Mathematics/Statistics

Structural Biology

The Biowulf staff maintains several programs, packages and databases for our users. Below is a non-exhaustive list of software available on Biwoulf with site-specific instructions on how to run a given package on the cluster, including links to vendor/author provided documentation if applicable.

Sequence Analysis

BLAST, developed at NCBI, is a set of programs to find similarity between a query protein or DNA sequence and a sequence database. A scheme for efficiently running a large number of sequence files against a variety of BLAST databases has been implemented on Biowulf.

IPRScan is a tool that combines different protein signature recognition methods against multiple databases into one resource. These databases include PROSITE, PRINTS, Pfam, ProDom, SMART, TIGRFAMs, PIR superfamily, SUPERFAMILY, Gene3D and PANTHER.

The EMBOSS package is a comprehensive suite of sequence analysis software that can perform sequence alignment, motif identification, pattern analysis, and more.

WU-BLAST, developed at Washington University, is fast, gapped Blast with statistics, intended to find similarity between a query protein or DNA sequence and a sequence database.

BLAT is a DNA/Protein Sequence Analysis program written by Jim Kent at UCSC. It is designed to quickly find sequences of 95% and greater similarity of length 40 bases or more. It may miss more divergent or shorter sequence alignments. It will find perfect sequence matches of 33 bases, and sometimes find them down to 22 bases. BLAT on proteins finds sequences of 80% and greater similarity of length 20 amino acids or more. In practice DNA BLAT works well on primates, and protein blat on land vertebrates.
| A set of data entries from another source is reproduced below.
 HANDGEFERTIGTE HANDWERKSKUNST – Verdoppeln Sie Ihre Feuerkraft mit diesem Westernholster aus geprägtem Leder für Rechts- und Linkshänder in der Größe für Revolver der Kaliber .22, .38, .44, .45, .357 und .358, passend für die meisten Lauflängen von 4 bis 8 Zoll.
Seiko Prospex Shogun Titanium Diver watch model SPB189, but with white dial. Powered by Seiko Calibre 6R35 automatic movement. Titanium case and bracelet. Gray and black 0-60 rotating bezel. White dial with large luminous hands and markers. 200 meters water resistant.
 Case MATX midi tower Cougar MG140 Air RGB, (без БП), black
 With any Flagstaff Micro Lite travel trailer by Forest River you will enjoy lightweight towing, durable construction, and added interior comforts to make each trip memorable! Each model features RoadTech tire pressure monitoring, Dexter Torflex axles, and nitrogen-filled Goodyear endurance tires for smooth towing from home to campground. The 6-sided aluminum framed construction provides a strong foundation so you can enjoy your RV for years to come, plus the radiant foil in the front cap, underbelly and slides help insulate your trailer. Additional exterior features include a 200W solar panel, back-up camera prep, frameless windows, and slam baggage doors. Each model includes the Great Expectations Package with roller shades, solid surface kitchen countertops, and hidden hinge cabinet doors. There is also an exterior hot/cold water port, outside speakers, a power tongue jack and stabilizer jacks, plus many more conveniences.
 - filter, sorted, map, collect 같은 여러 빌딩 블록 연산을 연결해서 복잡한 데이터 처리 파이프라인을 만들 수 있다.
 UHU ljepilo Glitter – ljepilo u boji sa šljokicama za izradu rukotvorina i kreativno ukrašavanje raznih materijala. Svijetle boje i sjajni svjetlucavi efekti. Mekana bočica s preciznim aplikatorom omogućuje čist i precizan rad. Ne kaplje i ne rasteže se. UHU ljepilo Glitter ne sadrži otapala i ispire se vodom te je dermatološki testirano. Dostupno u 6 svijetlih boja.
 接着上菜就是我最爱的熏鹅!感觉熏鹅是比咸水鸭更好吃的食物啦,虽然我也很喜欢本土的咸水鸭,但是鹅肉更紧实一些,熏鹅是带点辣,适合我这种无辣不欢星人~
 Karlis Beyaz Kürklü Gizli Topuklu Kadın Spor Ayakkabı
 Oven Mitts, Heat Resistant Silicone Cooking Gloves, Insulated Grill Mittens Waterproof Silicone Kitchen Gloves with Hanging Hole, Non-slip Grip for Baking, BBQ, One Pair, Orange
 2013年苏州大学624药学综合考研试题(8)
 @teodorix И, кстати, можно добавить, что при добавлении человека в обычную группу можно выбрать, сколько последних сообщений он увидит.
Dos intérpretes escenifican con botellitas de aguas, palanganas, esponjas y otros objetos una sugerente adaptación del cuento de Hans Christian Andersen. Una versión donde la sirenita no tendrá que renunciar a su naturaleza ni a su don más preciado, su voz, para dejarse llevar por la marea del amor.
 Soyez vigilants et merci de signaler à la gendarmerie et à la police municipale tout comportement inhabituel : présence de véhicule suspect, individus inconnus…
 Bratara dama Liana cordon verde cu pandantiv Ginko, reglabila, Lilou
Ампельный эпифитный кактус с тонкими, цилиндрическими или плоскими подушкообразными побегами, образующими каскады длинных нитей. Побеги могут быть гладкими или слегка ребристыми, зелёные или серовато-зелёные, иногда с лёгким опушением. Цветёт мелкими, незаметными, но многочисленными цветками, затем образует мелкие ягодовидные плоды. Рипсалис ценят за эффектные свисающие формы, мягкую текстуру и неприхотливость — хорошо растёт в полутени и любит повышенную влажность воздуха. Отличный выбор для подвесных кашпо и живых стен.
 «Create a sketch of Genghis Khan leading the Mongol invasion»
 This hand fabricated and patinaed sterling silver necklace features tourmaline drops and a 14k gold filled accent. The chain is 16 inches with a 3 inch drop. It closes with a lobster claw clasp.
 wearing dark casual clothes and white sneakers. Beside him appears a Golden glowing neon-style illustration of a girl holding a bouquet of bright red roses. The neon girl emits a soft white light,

The fasta program package contains many programs for searching DNA and protein databases and one program (prss) for evaluating statistical significance from randomly shuffled sequences.

Meme is designed to discover motifs (highly conserved regions) in groups of related DNA or protein sequences, and Mast will search sequence databases using motifs.

Profile hidden Markov models (profile HMMs) can be used to do sensitive database searching using statistical descriptions of a sequence family's consensus. HMMER uses profile HMMs for several types of homology searches.

RandFold computes the probability that, for a given RNA sequence, the Minimum Free Energy (MFE) of the secondary structure is different from a distribution of MFE computed with random sequences..

RepeatMasker is a program that screens DNA sequences for interspersed repeats and low complexity DNA sequences. The output of the program is a detailed annotation of the repeats that are present in the query sequence as well as a modified version of the query sequence in which all the annotated repeats have been masked (default: replaced by Ns). On average, almost 50% of a human genomic DNA sequence currently will be masked by the program.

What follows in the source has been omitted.